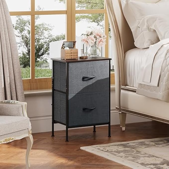 MULTIPURPOSE: This lightweight nightstand is ideal for bedroom, college dorm, living room, office and more. It can be a night stand for bedroom, a convenient end table by sofa or a toy organizer. SPACIOUS STORAGE: The 2 fabric drawers of the small dresser offer large storage space for nighttime necessities. The wood top is ideal to place alarm clock, phone, charger, eyeglasses, keeping them in your reach. STURDY & DURABLE: The nightstand has strong steel frame and water-resistant wooden top to ensure a long service time, easy pull handles to make opening and closing smooth, and 4 adjustable plastic feet to protect floor from scratches. STYLISH DESIGN: The simple and modish design of the bedside furniture matches perfectly with any furnishing style. You can find more fabric dressers of the same collection from WLIVE and make your purchase a bundle. EASY ASSEMBLY: The bedside table can be assembled in 15 minutes with the instructions and tools included in the package. The overall dimensions of the 2 drawer dresser: 15.7" L x 11.8" W x 24.9" H.
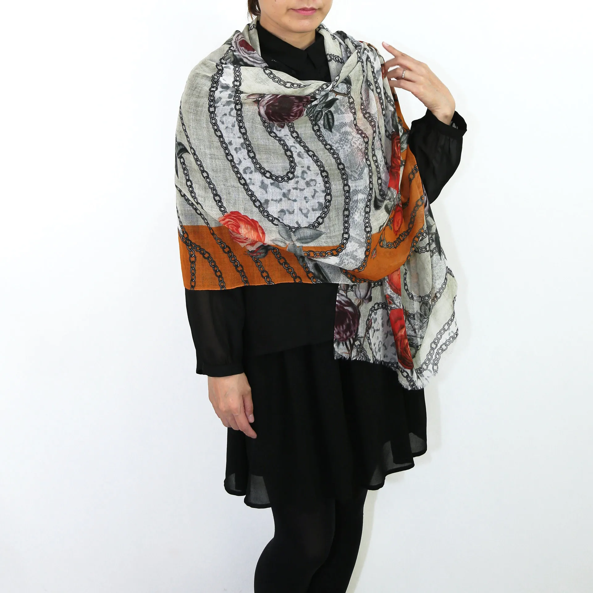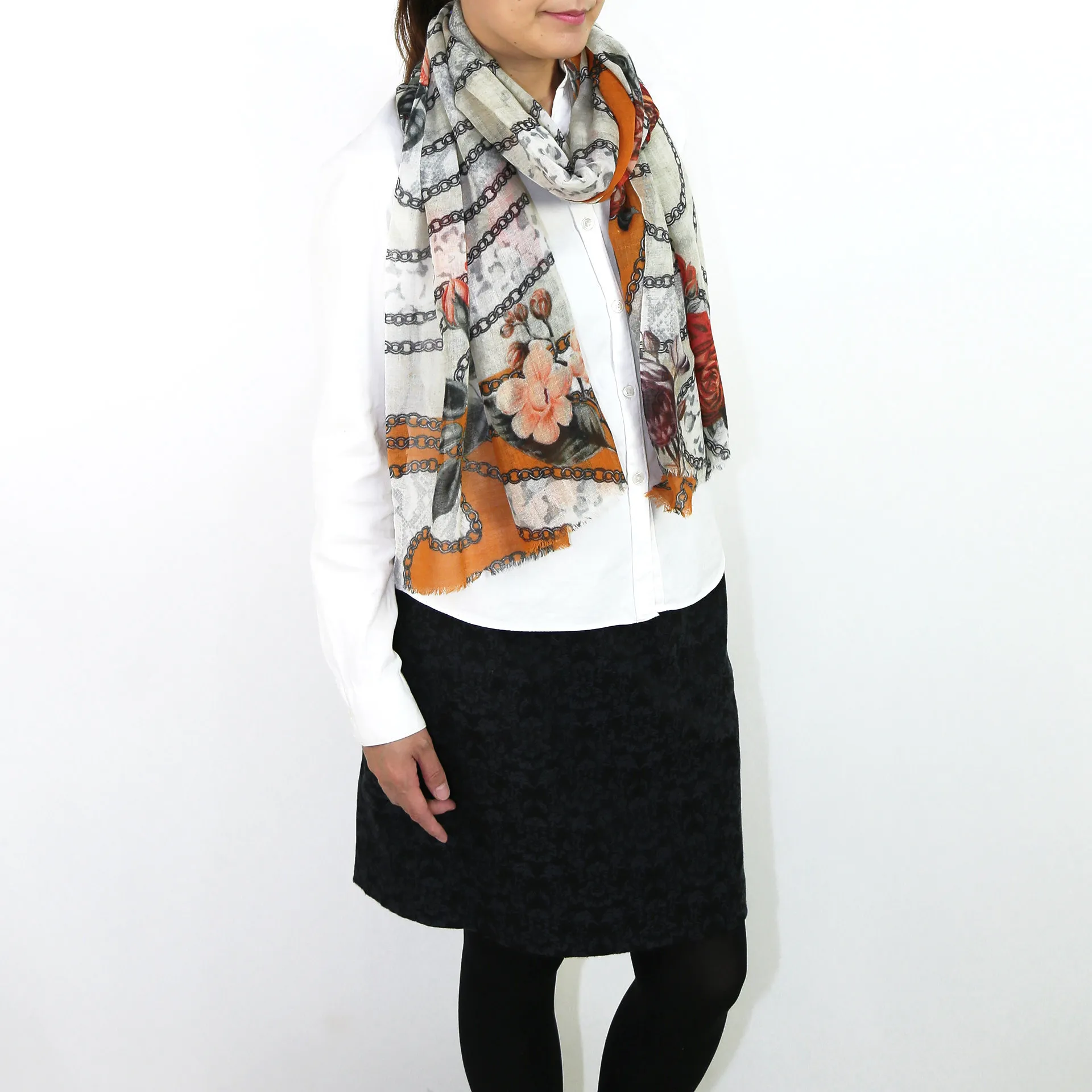 薄手の生地としなやかな風合いでボリュームを抑えてシャープに身につけることができます。複雑な巻き方でも取り回ししやすく、さまざまな巻き方でおしゃれを楽しめます。
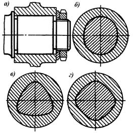 Рис. 45. Профильное соединение: а) продольное сечение; б), в), г) возможные поперечные сечения: овальное, треугольное, квадратное.

# # # # # # #

Exercise prompt: The result should be the same data as above, line for line, with the pictures gone.

Response area:
 MULTIPURPOSE: This lightweight nightstand is ideal for bedroom, college dorm, living room, office and more. It can be a night stand for bedroom, a convenient end table by sofa or a toy organizer. SPACIOUS STORAGE: The 2 fabric drawers of the small dresser offer large storage space for nighttime necessities. The wood top is ideal to place alarm clock, phone, charger, eyeglasses, keeping them in your reach. STURDY & DURABLE: The nightstand has strong steel frame and water-resistant wooden top to ensure a long service time, easy pull handles to make opening and closing smooth, and 4 adjustable plastic feet to protect floor from scratches. STYLISH DESIGN: The simple and modish design of the bedside furniture matches perfectly with any furnishing style. You can find more fabric dressers of the same collection from WLIVE and make your purchase a bundle. EASY ASSEMBLY: The bedside table can be assembled in 15 minutes with the instructions and tools included in the package. The overall dimensions of the 2 drawer dresser: 15.7" L x 11.8" W x 24.9" H.
 薄手の生地としなやかな風合いでボリュームを抑えてシャープに身につけることができます。複雑な巻き方でも取り回ししやすく、さまざまな巻き方でおしゃれを楽しめます。
 Рис. 45. Профильное соединение: а) продольное сечение; б), в), г) возможные поперечные сечения: овальное, треугольное, квадратное.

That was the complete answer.